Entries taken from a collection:
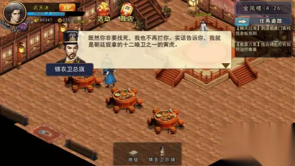 圆圆姑娘:帮忙做三件事告诉你一个小秘密:帮忙教训官府通缉犯(快活林3,9),打赢获得如意腰带;2.送10多鲜花;3.送翡翠禁步,完成后得知青楼内的锦衣卫总旗其实是暗卫之一,上前与大人联络一番感情,大人自曝乃是十二暗卫之一的寅虎,打赢后获得腰牌;
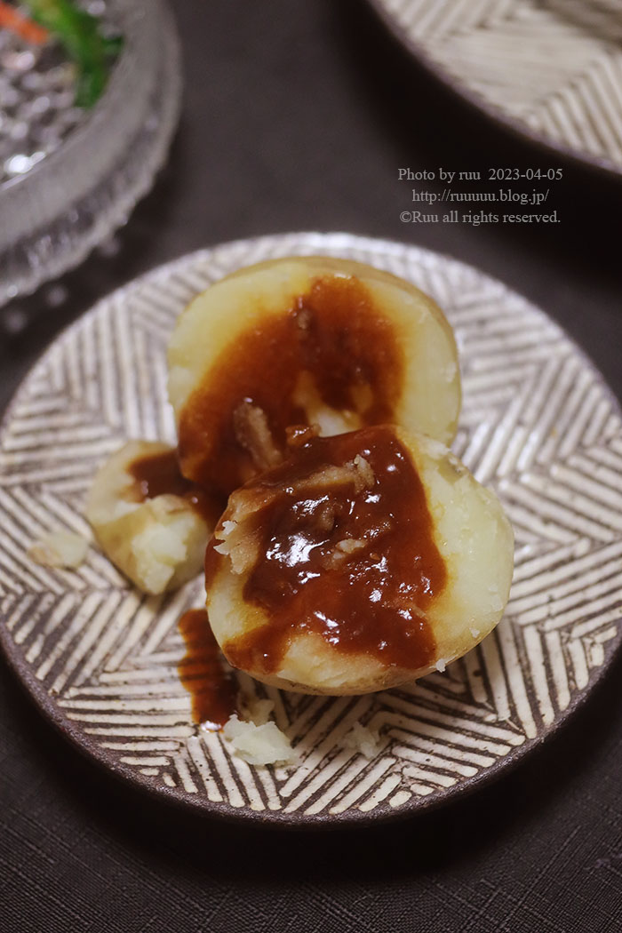 ほっくほくなおじゃがと味噌ダレ、運命の恋人かのようによく合う、合う。
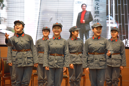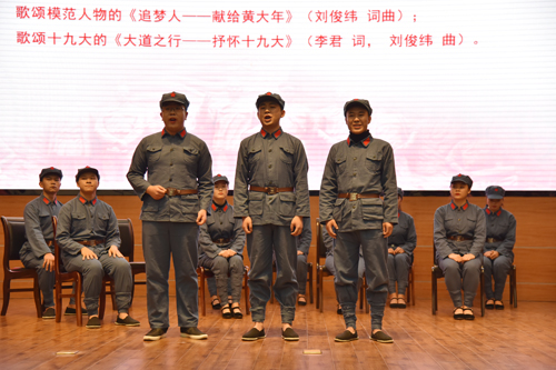 在当天晚的讲座现场,师生们演唱了《百色起义组歌》的其中乐章,如《右江驶来一条船》《百色起义惊天地》《打铁不怕火烫脚》《我们下乡来宣传》《妹绣胜袋送红军》等红色歌曲。讲座+节目展演的形式,让十九大精神走进校园,走进师生,赢得了在场观众的引起热烈反响。“这种教育与艺术融合的方式更吸引我们的兴趣,尤其是讲解加节目现场展示,既接受了革命传统教育,又享受了艺术的熏陶”,无机非金属专业2015级学生潘林涛感叹地说。
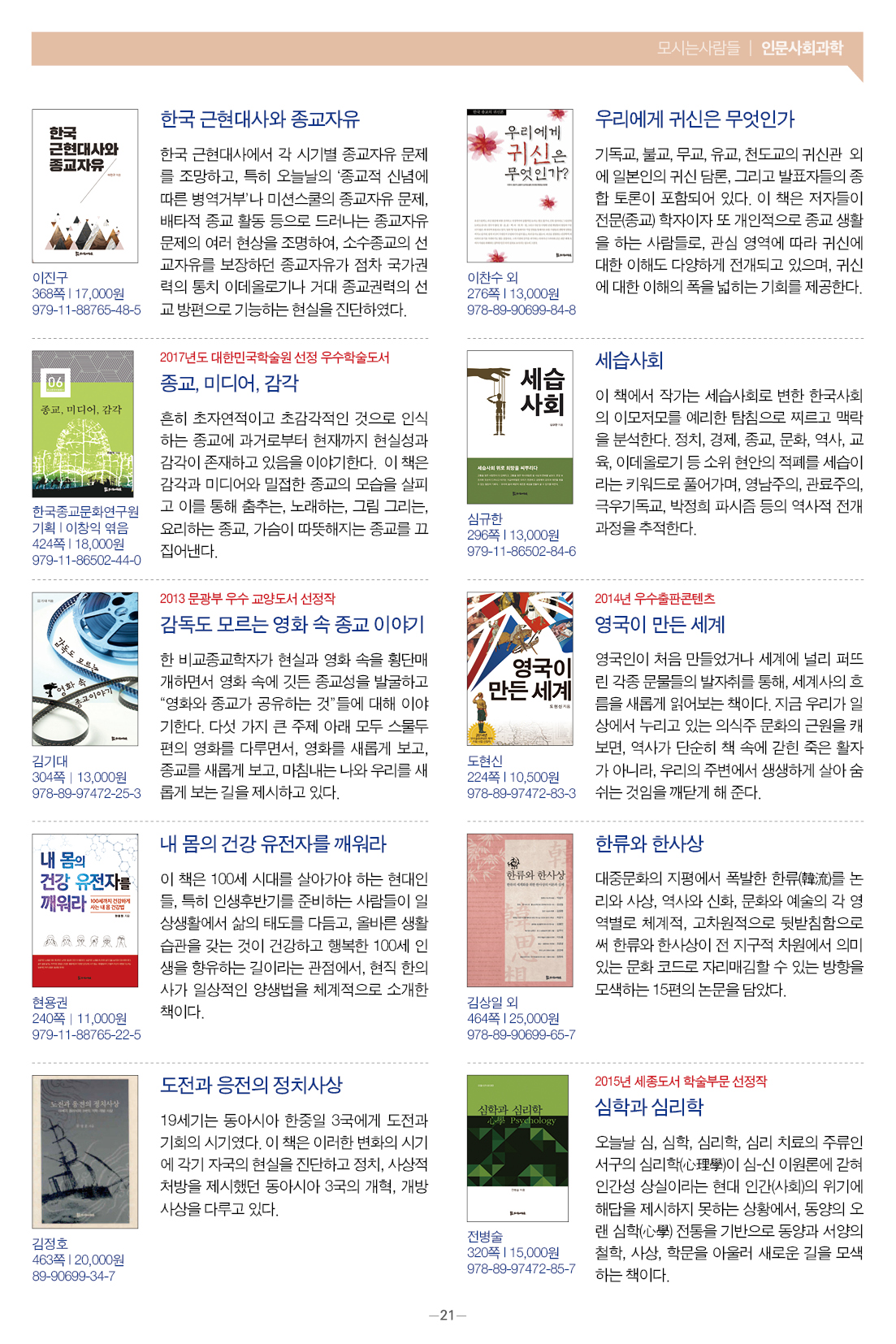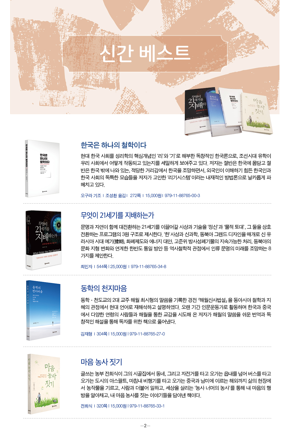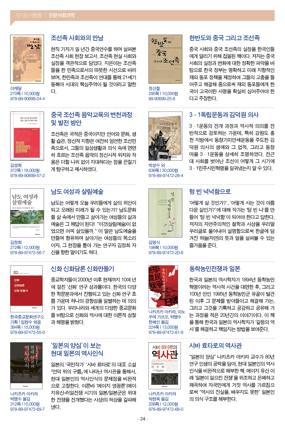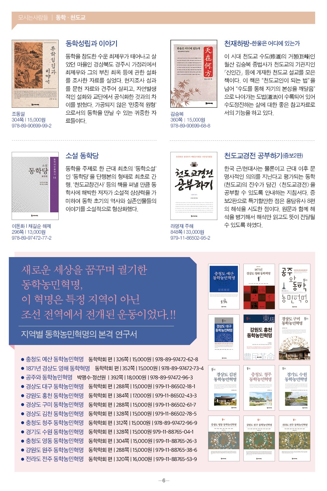모들통문 11호는 [동학·천도교], [종교학], [인문사회과학], [문학] 네 개 분야와 평화교실, 죽음학 총서 등의 시리즈, 『동학 천도교 인명사전』, 『한국신종교대사전』 등 약 300종의 도서에 대한 정보를 담았습니다.
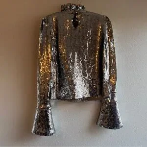 Top with all-over silver sequin embellishment, high ruffle / frill neck, long sleeves with flared / fluted cuffs, back button closure cut-out detail at the back.
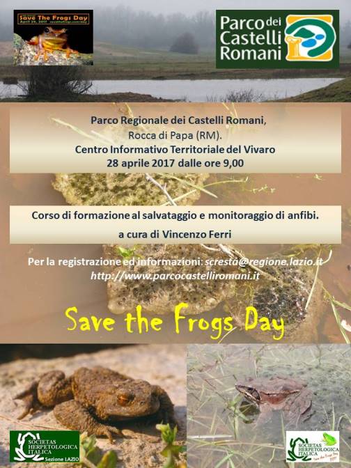 Si svolgerà venerdì 28 aprile 2017 dalle 9.00 alle 13.30, presso il Centro Informativo Territoriale del Vivaro nel Parco regionale dei Castelli Romani, un corso, seguito da una visita nell’area SIC Cerquone-Doganella, (la sessione di campo potrebbe necessitare di una parte di approfondimento nel primo pomeriggio, dalle ore 14.30 alle 16.30), che ospita una delle batracocenosi più ricca e numerosa del Lazio.
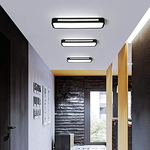 GaoHX Moderno 15W LED plafoniera Rettangolare Nero Lampada da soffitto corridoio Cucina Soggiorno Balcone Luminoso a soffitto Metallo Acrilico Paralume soffitto Luce Risparmio energetico, 6000K ∅48cm
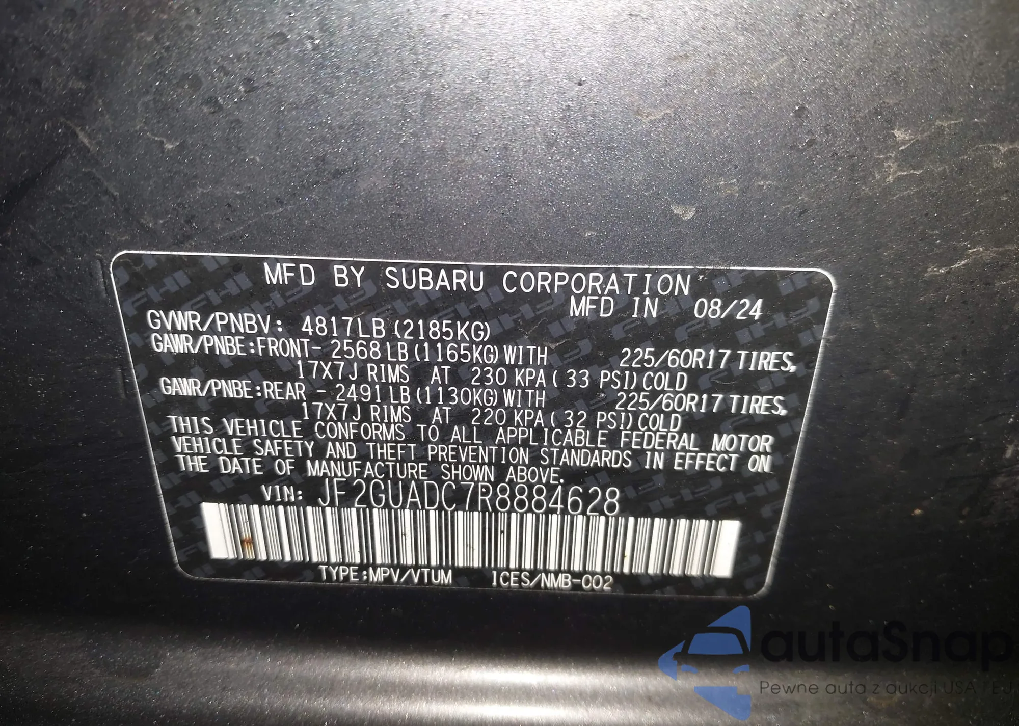 VIN: JF2GUADC7R8884628
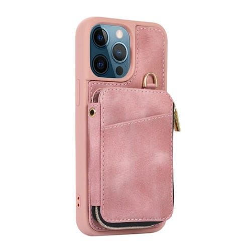 Funda para Teléfono iPhone 12 Pro Max Zipper Card Bag Contraportada (Rosa)
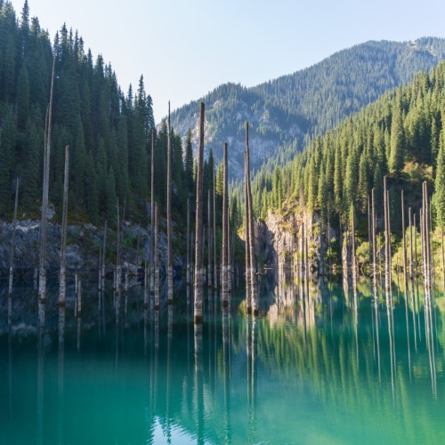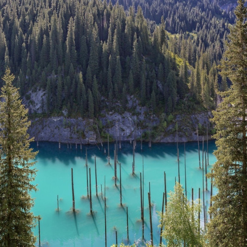 에메랄드빛 물속에 나무가 잠겨 있는 신비로운 카인디 호수

§ **To do**
Please repeat every record exactly, leaving the pictures out.

§ **Result**
 圆圆姑娘:帮忙做三件事告诉你一个小秘密:帮忙教训官府通缉犯(快活林3,9),打赢获得如意腰带;2.送10多鲜花;3.送翡翠禁步,完成后得知青楼内的锦衣卫总旗其实是暗卫之一,上前与大人联络一番感情,大人自曝乃是十二暗卫之一的寅虎,打赢后获得腰牌;
 ほっくほくなおじゃがと味噌ダレ、運命の恋人かのようによく合う、合う。
 在当天晚的讲座现场,师生们演唱了《百色起义组歌》的其中乐章,如《右江驶来一条船》《百色起义惊天地》《打铁不怕火烫脚》《我们下乡来宣传》《妹绣胜袋送红军》等红色歌曲。讲座+节目展演的形式,让十九大精神走进校园,走进师生,赢得了在场观众的引起热烈反响。“这种教育与艺术融合的方式更吸引我们的兴趣,尤其是讲解加节目现场展示,既接受了革命传统教育,又享受了艺术的熏陶”,无机非金属专业2015级学生潘林涛感叹地说。
모들통문 11호는 [동학·천도교], [종교학], [인문사회과학], [문학] 네 개 분야와 평화교실, 죽음학 총서 등의 시리즈, 『동학 천도교 인명사전』, 『한국신종교대사전』 등 약 300종의 도서에 대한 정보를 담았습니다.
 Top with all-over silver sequin embellishment, high ruffle / frill neck, long sleeves with flared / fluted cuffs, back button closure cut-out detail at the back.
 Si svolgerà venerdì 28 aprile 2017 dalle 9.00 alle 13.30, presso il Centro Informativo Territoriale del Vivaro nel Parco regionale dei Castelli Romani, un corso, seguito da una visita nell’area SIC Cerquone-Doganella, (la sessione di campo potrebbe necessitare di una parte di approfondimento nel primo pomeriggio, dalle ore 14.30 alle 16.30), che ospita una delle batracocenosi più ricca e numerosa del Lazio.
 GaoHX Moderno 15W LED plafoniera Rettangolare Nero Lampada da soffitto corridoio Cucina Soggiorno Balcone Luminoso a soffitto Metallo Acrilico Paralume soffitto Luce Risparmio energetico, 6000K ∅48cm
 VIN: JF2GUADC7R8884628
 Funda para Teléfono iPhone 12 Pro Max Zipper Card Bag Contraportada (Rosa)
 에메랄드빛 물속에 나무가 잠겨 있는 신비로운 카인디 호수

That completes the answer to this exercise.